Boston Scientific has received the US Food and Drug Administration (FDA) approval for its IntellaTip MiFi XP catheter and 510(k) clearance for its Zurpaz 8.5F steerable sheath.
The IntellaTip MiFi XP is a high resolution catheter that provides information about tip location and helps electrophysiologists to assess lesion maturation and differentiate viable from non-viable tissue.
The IntellaTip MiFi XP is indicated for ablation of atrial flutter, a cardiac abnormality that affects nearly one million people in the US.
It is the only available catheter in the market to provide high resolution electrograms of the heart.
Boston Scientific electrophysiology general manager Pete Sommerness noted that following the recent FDA 510(k) clearance of the company’s novel Rhythmia Mapping System, adding the IntellaTip MiFi XP to its portfolio further reinforces its commitment to redefining ablation and diagnostic tools for the EP physician, especially since the catheter is compatible with the Rhythmia system.

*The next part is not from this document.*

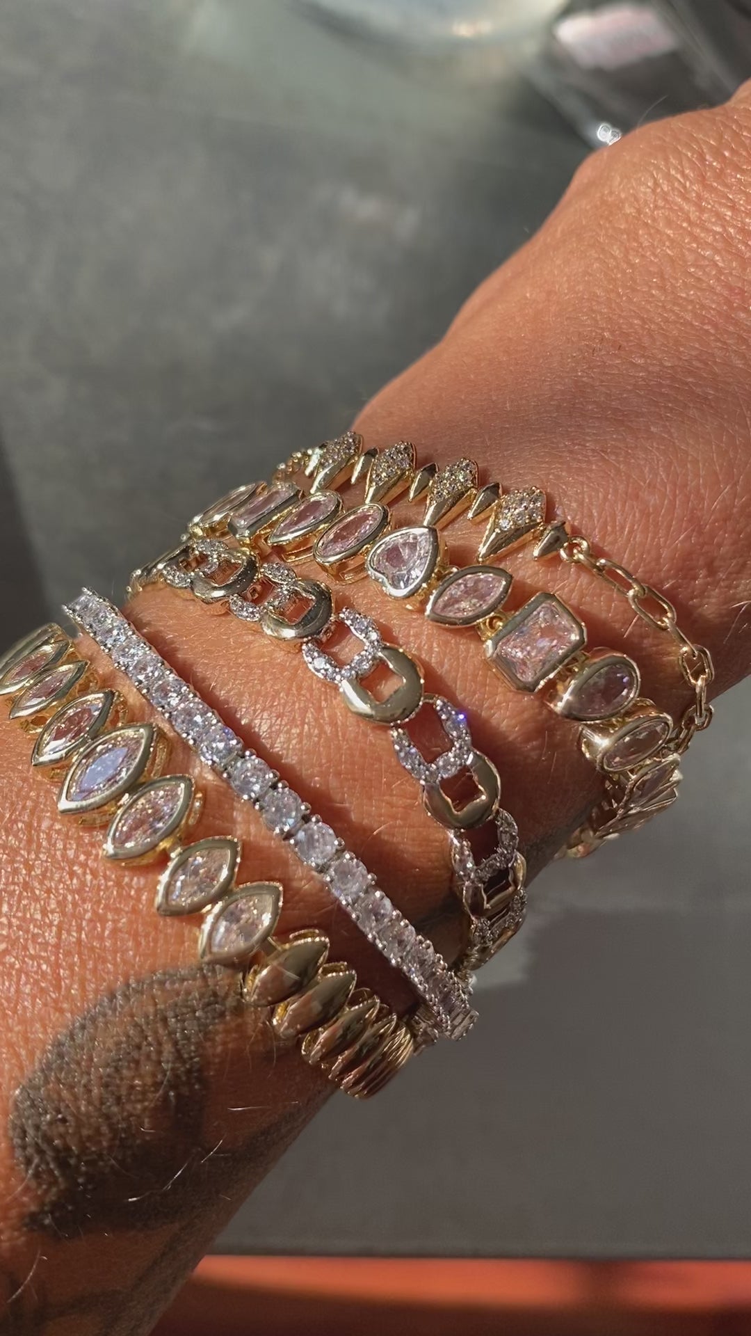 Kare 3,5 mm taşlı,ayarlanabilir klipsli,zirkon taş ve 22 ayar mikron altın kaplamalı suyolu bilezik.
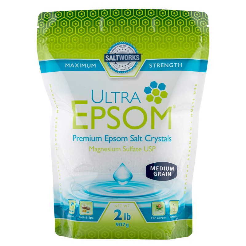 Ultra Epsom Salt is the highest quality, pharmaceutical grade Epsom salt available. Ultra Epsom Salt brand of magnesium sulfate, exclusively from SaltWorks, is known for its exceptional purity and therapeutic value. It dissolves easily, perfect for soothing sore muscles, relaxing soaks, and calming foot baths. Create body scrubs, bath salts and much more with the new range of grain sizes available. Add Ultra Epsom Salt to your garden for lush, green lawns, roses and vegetables. Ultra Epsom Salt is affordably priced and offered in bulk in several unique grain sizes for multi-purpose use. Medium Grain: Ultra Epsom in Medium grain is a crystal size that works well for bath salts, body scrubs, sore muscle soaks and in gardening. Praised for its unrivaled therapeutic and calming properties, Ultra Epsom Salt is the highest quality, pharmaceutical grade magnesium sulfate on the market. Because it dissolves quickly and easily, this restorative muscle relief bath salt is the perfect companion for any relaxing night in. Sold exclusively by SaltWorks, Ultra Epsom works wonders to alleviate even the worst stress, muscle soreness, Athlete's foot, and even chronic pain. Create luxurious body wash, scrubs and exfoliators, bath bombs, facial cleansers - even bubble bath - with the most potent magnesium sulfate available. A small sprinkle of Ultra Epsom can even help nourish your flowers, houseplants, zen garden, and lawn.

"We believe that the IntellaTip MiFi XP approval, combined with the introduction of our Zurpaz steerable sheath, demonstrates how we are delivering on our promise to provide electrophysiologists with meaningful innovation and complete solutions," Sommerness added.
The FDA also cleared Zurpaz 8.5F steerable sheath, used to access the heart during catheter placement in a variety of procedures including treatment of atrial flutter, atrial fibrillation and ventricular tachycardia.
The soft distal tip, advanced shaft and an intuitive ergonomic handle help clinicians to deliver catheters consistently and safely during electrophysiology procedures.